Enjoyed by White Citizens
Whiteness is invisible in American law. The U.S. Constitution never mentions white people. Indeed, the entirety of constitutional and statutory law, at both the federal and state level, includes only two antidiscrimina-tion statutes that refer explicitly to white people. These Reconstruction- era statutes—42 U.S.C. § 1981 and § 1982—declare that all people shall have the “same right” regarding contracts and property as that “enjoyed by white citizens.”

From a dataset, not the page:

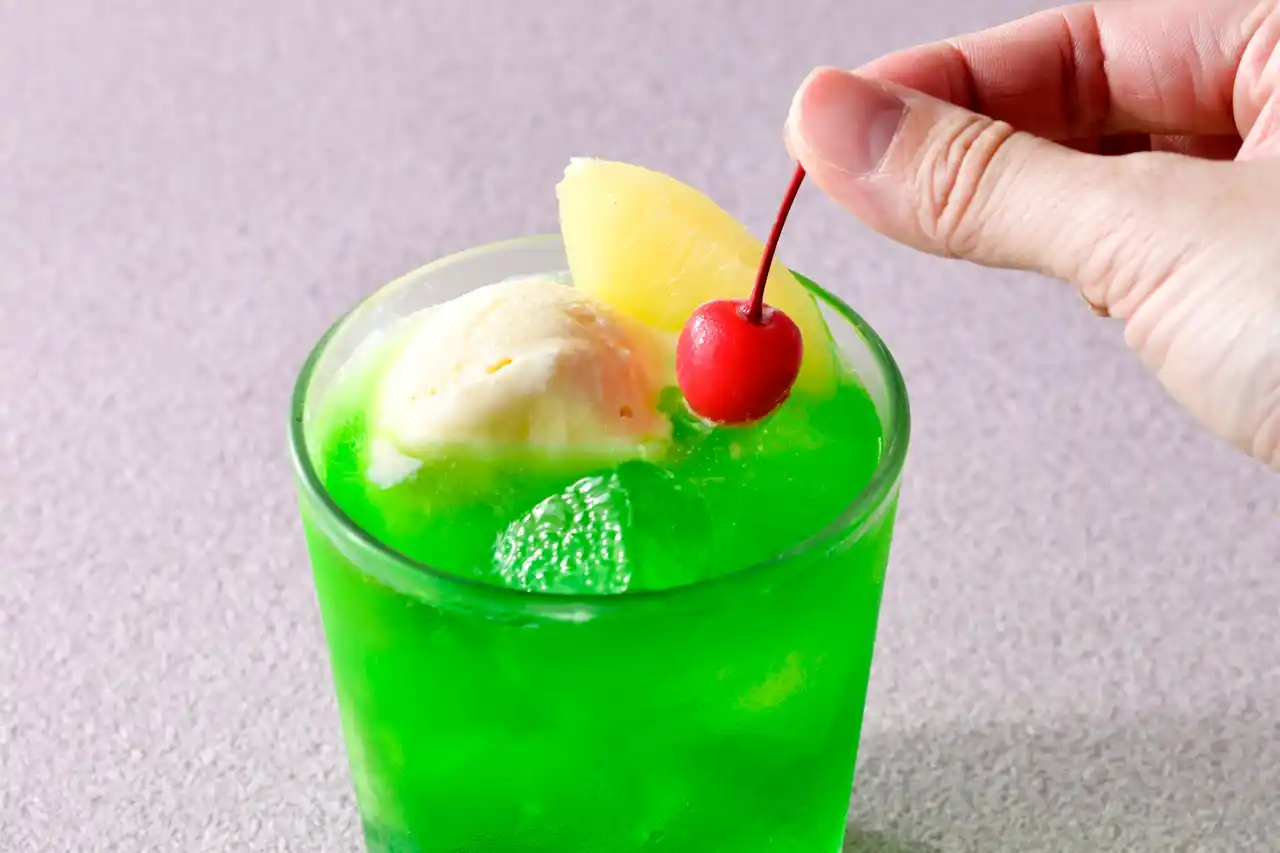 どこか懐かしさを感じる、王道のメロンフレーバーです。さわやかなグリーンの色合いと、アイスクリーム・チェリー・パインのトッピングが、レトロな雰囲気を醸し出します。 |

This Article argues that the unique visibility of whiteness in § 1981 and § 1982 presents an opportunity. The plain language of these statutes exposes whiteness and requires explicit analysis of the contract and property rights that white people enjoy. To remain faithful to the statutory text, courts must consider why white people serve as a statutory benchmark in the first place—a task that forces a reckoning with America’s long history of white supremacy. Further, courts must examine the nature of the contract and property rights that white people “enjoy”—a task that requires them to examine how these rights affirmatively provide pleasure and satisfaction.
The contract and property rights enjoyed by white and nonwhite people remain profoundly unequal, but § 1981 and § 1982 offer a powerful tool for reform. The two statutes provide not only an important avenue for litigation but also a valuable model for legislation and a catalyst for public discourse that openly examines whiteness and the benefits that it confers.